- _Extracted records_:
========
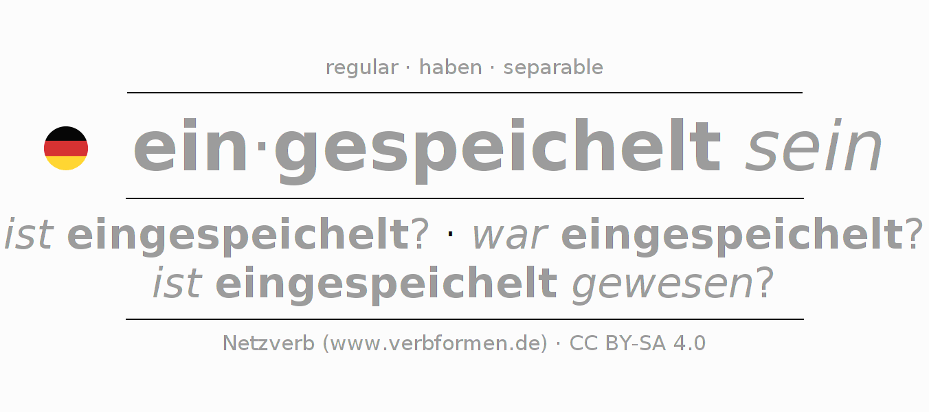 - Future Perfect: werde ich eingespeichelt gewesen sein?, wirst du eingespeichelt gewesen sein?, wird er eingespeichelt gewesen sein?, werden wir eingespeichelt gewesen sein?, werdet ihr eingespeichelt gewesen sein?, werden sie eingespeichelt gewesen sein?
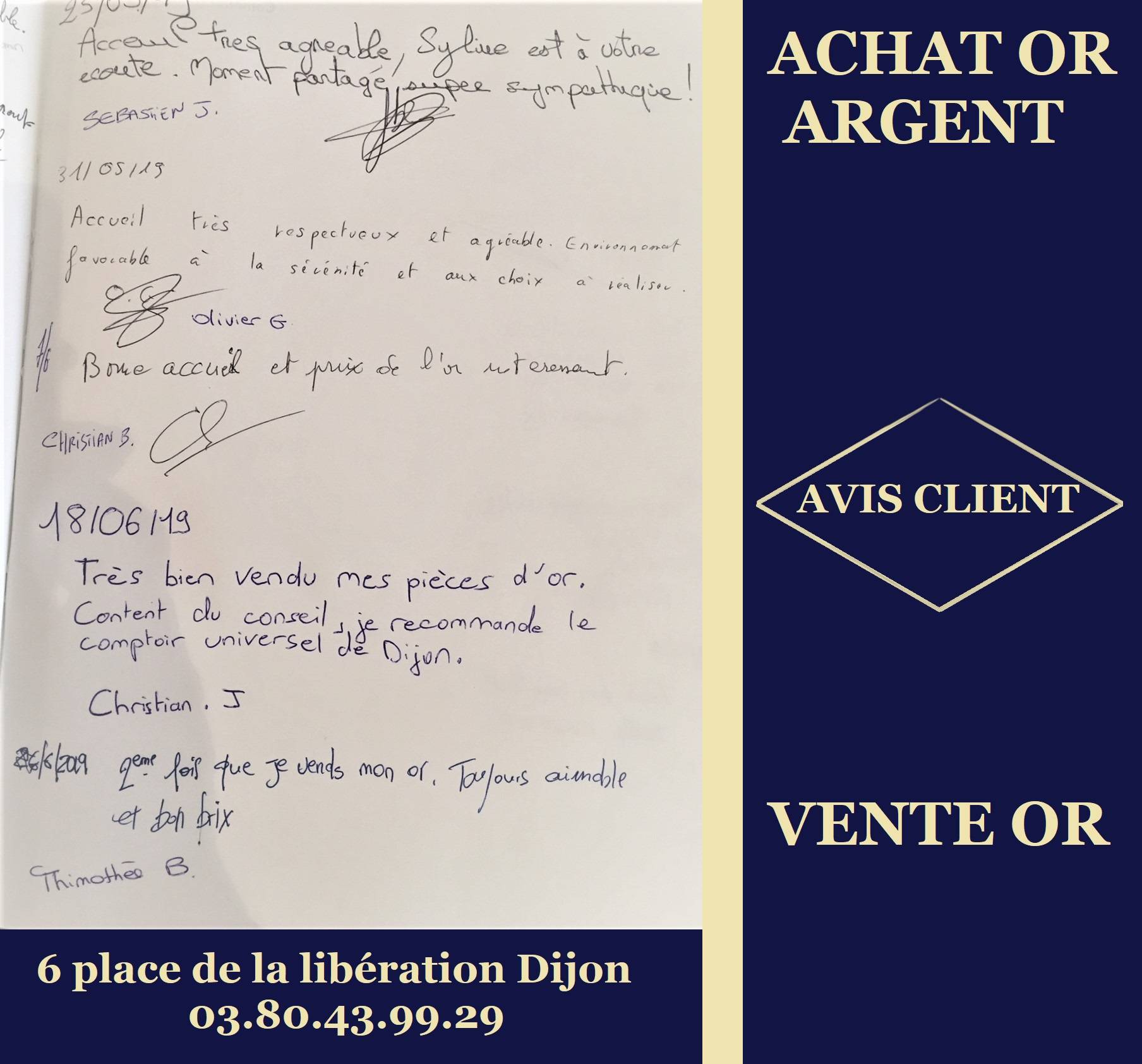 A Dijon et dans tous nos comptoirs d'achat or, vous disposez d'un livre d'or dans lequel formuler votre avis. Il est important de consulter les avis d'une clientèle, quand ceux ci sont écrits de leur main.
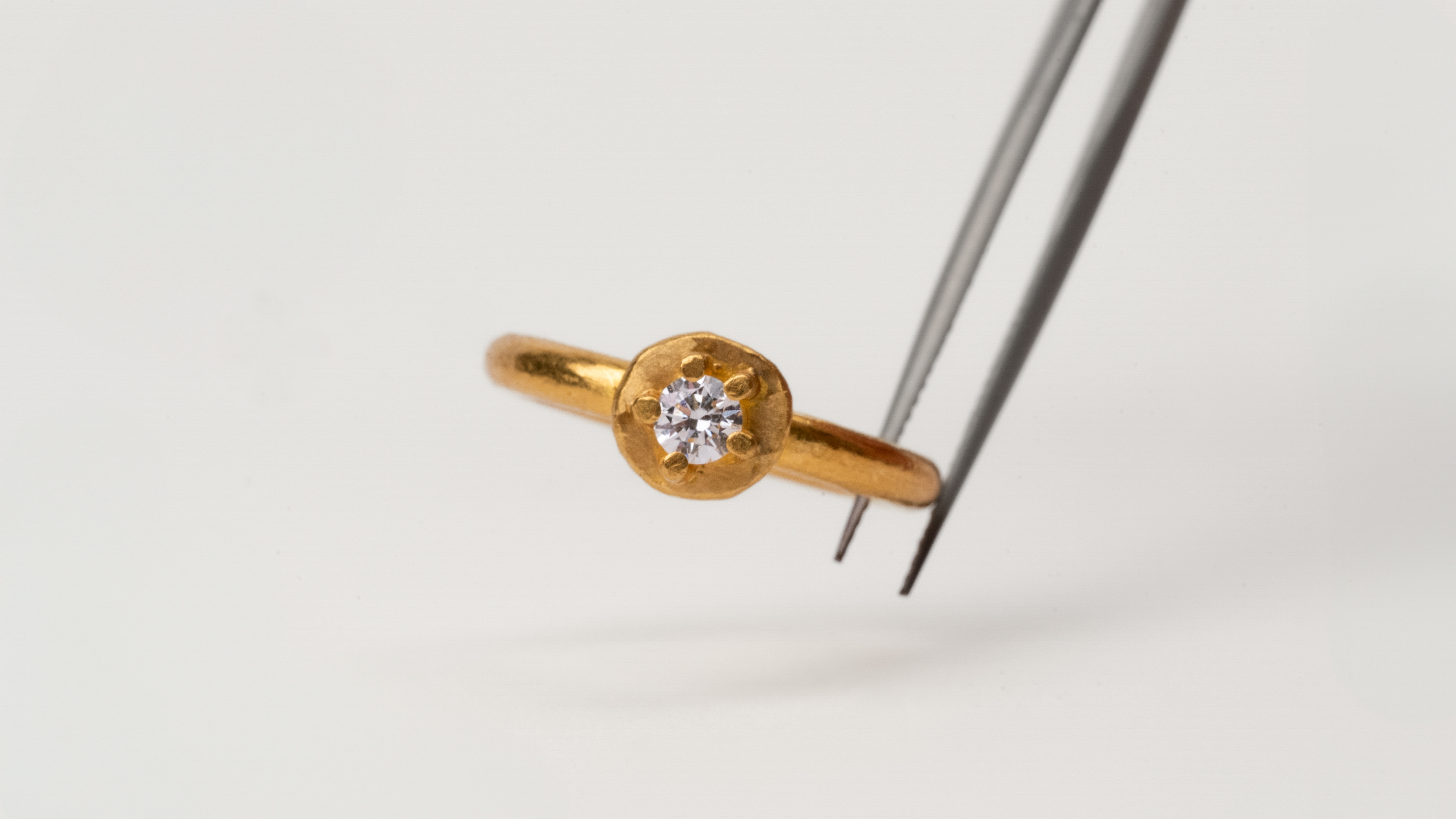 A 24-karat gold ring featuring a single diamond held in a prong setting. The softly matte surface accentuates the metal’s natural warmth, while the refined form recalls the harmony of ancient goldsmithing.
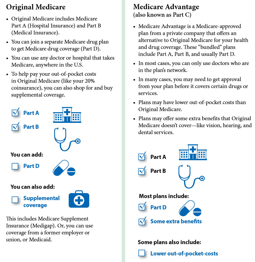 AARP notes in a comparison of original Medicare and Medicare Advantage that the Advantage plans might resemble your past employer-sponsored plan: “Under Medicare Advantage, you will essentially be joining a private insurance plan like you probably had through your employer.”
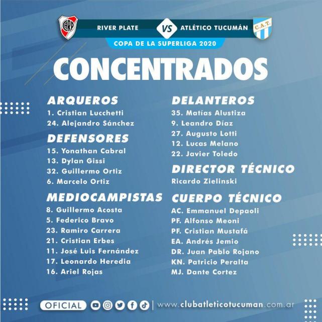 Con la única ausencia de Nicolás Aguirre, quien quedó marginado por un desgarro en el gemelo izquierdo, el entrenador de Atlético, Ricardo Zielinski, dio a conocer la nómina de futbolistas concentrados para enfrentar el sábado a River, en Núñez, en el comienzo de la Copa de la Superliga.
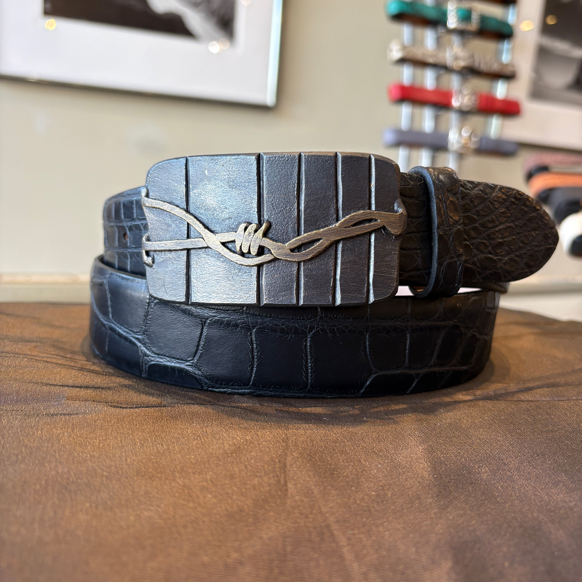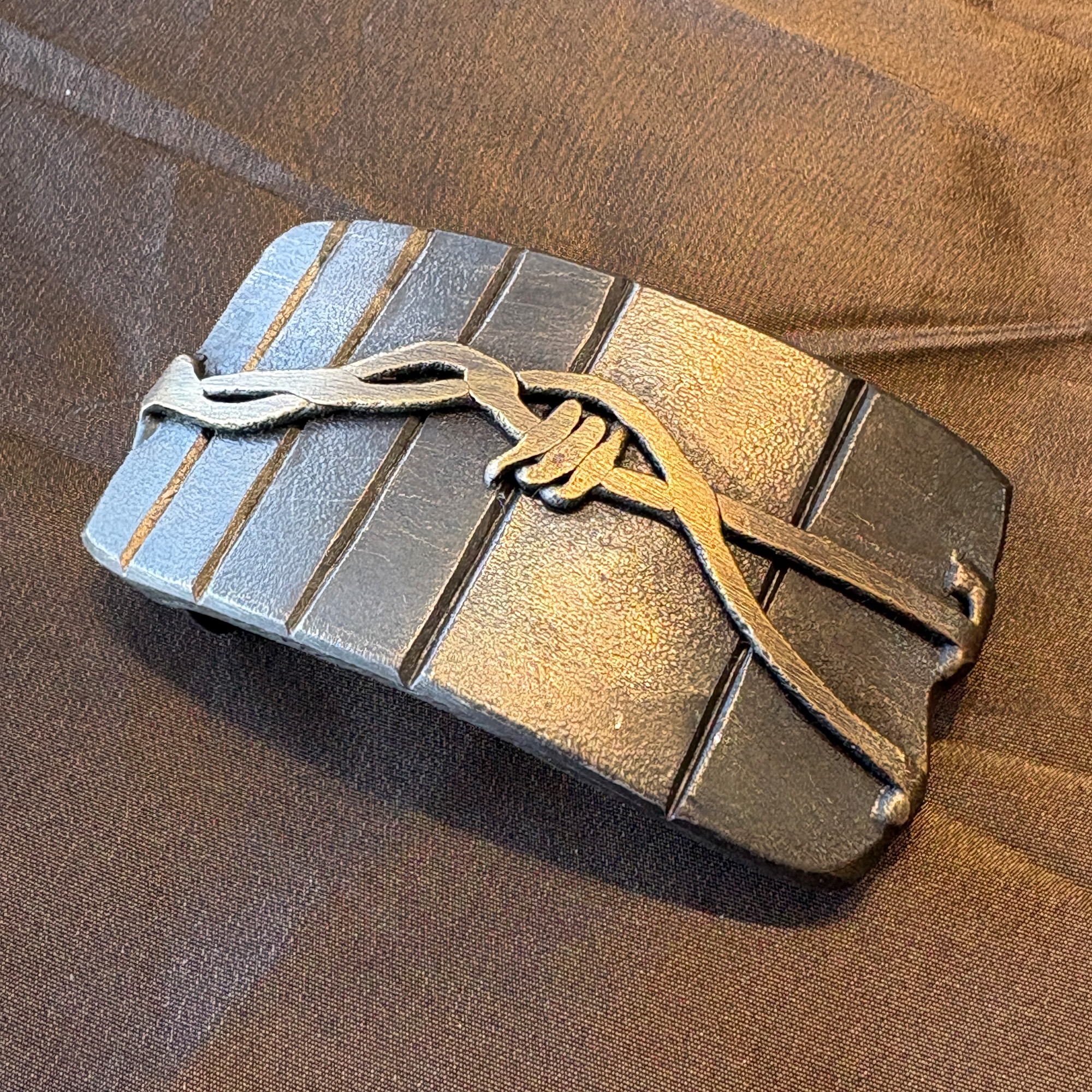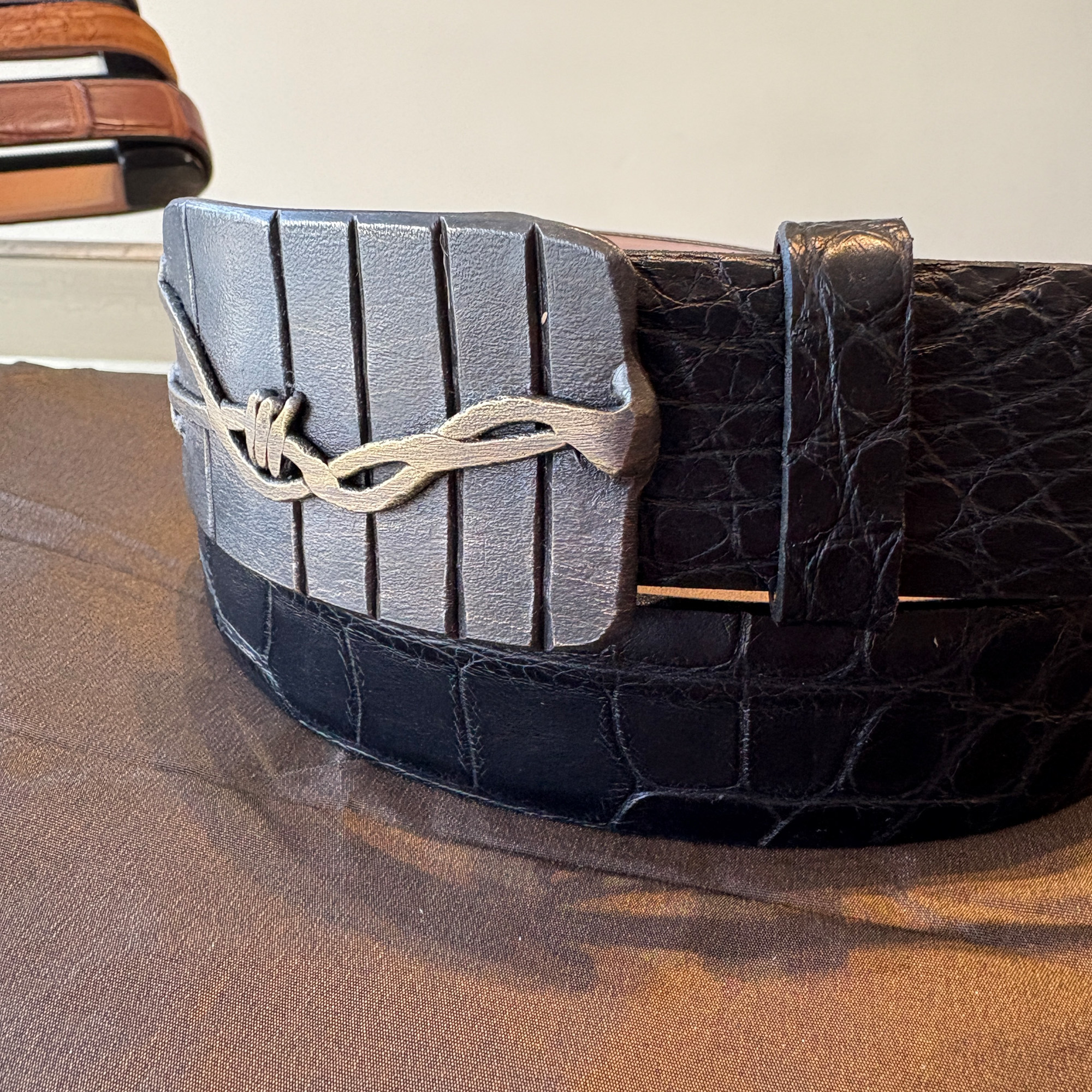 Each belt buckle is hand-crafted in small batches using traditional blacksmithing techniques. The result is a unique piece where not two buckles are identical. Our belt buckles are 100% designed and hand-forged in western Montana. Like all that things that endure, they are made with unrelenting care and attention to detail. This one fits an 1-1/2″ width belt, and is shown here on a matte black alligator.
========
- _Requirement_: Please reproduce, word for word, every line from the first line of the records above through the line containing "AARP notes in", and leave out the pictures.

- _Response box_:
 - Future Perfect: werde ich eingespeichelt gewesen sein?, wirst du eingespeichelt gewesen sein?, wird er eingespeichelt gewesen sein?, werden wir eingespeichelt gewesen sein?, werdet ihr eingespeichelt gewesen sein?, werden sie eingespeichelt gewesen sein?
 A Dijon et dans tous nos comptoirs d'achat or, vous disposez d'un livre d'or dans lequel formuler votre avis. Il est important de consulter les avis d'une clientèle, quand ceux ci sont écrits de leur main.
 A 24-karat gold ring featuring a single diamond held in a prong setting. The softly matte surface accentuates the metal’s natural warmth, while the refined form recalls the harmony of ancient goldsmithing.
 AARP notes in a comparison of original Medicare and Medicare Advantage that the Advantage plans might resemble your past employer-sponsored plan: “Under Medicare Advantage, you will essentially be joining a private insurance plan like you probably had through your employer.”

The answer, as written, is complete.